### Stored data
+ + + + + + +

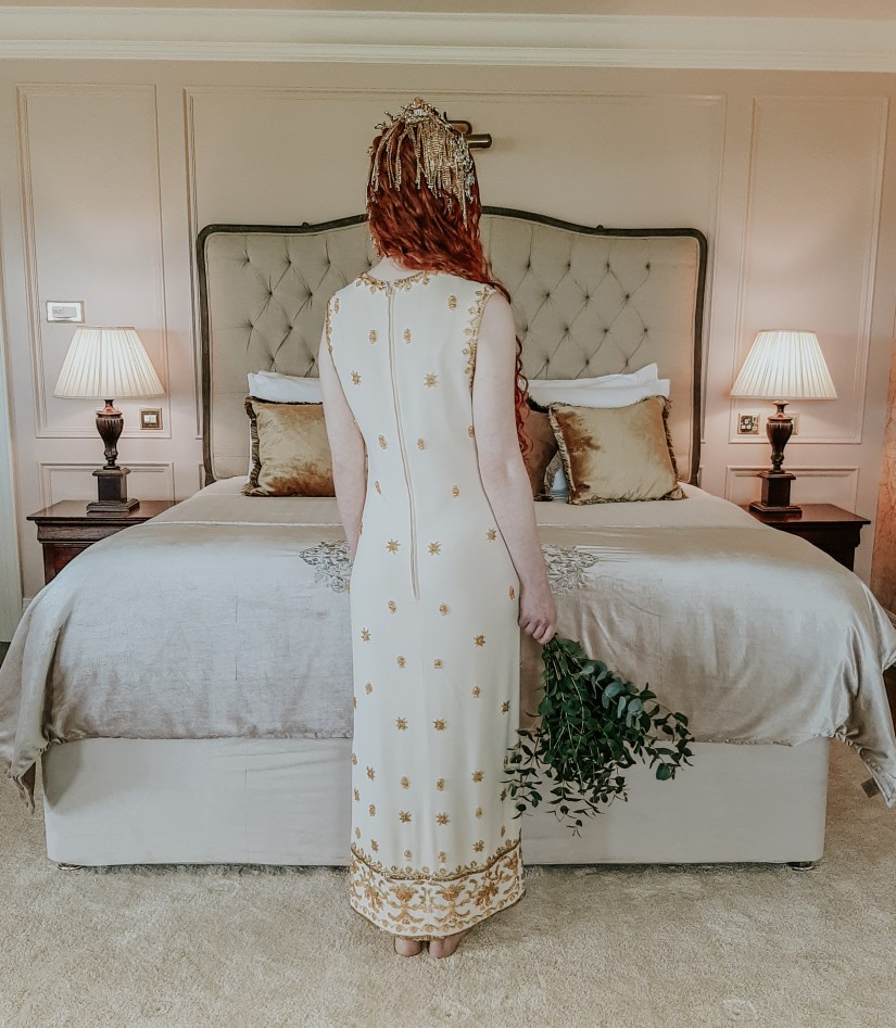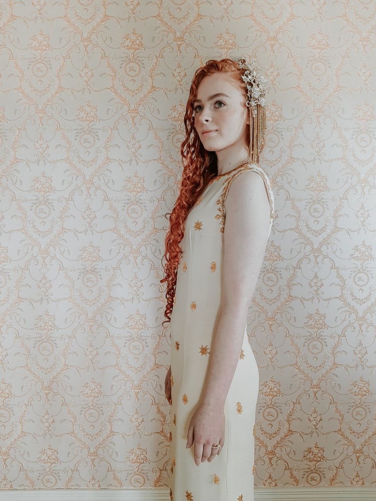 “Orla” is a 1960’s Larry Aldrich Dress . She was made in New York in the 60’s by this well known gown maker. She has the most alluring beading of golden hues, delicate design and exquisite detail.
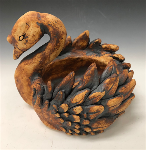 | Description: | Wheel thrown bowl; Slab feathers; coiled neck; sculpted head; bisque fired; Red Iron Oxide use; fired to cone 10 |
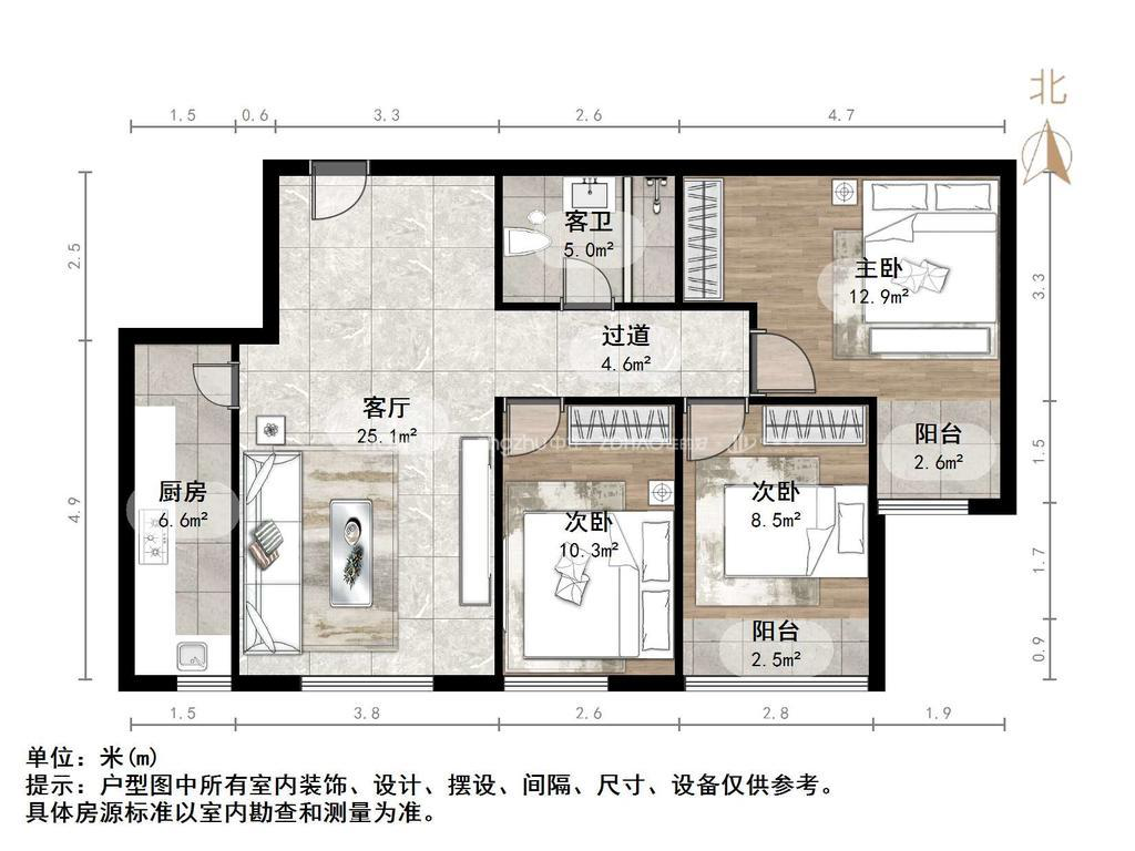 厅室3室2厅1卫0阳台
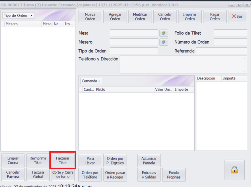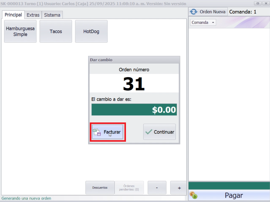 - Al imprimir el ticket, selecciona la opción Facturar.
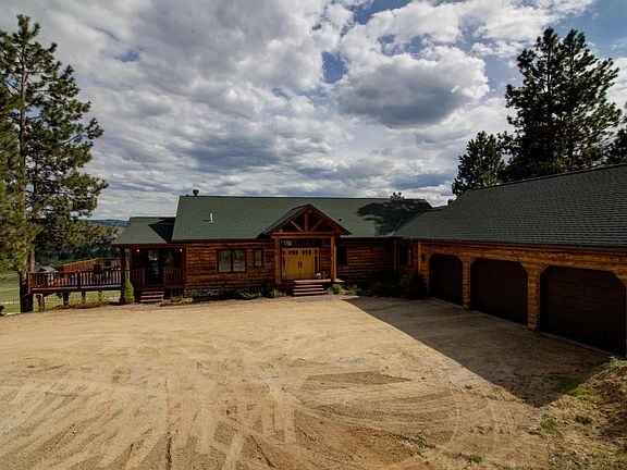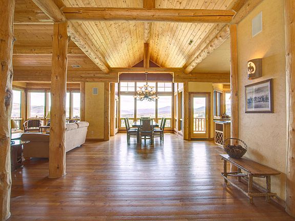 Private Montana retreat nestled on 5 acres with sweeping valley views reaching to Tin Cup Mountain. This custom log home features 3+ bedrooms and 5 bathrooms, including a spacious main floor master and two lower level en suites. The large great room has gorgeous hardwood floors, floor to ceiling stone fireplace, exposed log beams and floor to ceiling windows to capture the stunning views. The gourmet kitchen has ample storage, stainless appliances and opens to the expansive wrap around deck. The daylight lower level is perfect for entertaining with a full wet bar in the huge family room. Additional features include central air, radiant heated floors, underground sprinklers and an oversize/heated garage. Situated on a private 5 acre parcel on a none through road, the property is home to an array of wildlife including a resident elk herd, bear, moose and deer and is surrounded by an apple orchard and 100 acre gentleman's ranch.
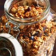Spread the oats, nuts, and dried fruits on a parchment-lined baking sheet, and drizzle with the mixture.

+ + + + + + +

### REQUIRED ACTION
Using the records above, return word for word the lines that begin at the one containing "to cone 10 |" and end at the one containing "- Al imprimir", both of them included and no pictures.

### ANSWER SPACE
 | Description: | Wheel thrown bowl; Slab feathers; coiled neck; sculpted head; bisque fired; Red Iron Oxide use; fired to cone 10 |
 厅室3室2厅1卫0阳台
 - Al imprimir el ticket, selecciona la opción Facturar.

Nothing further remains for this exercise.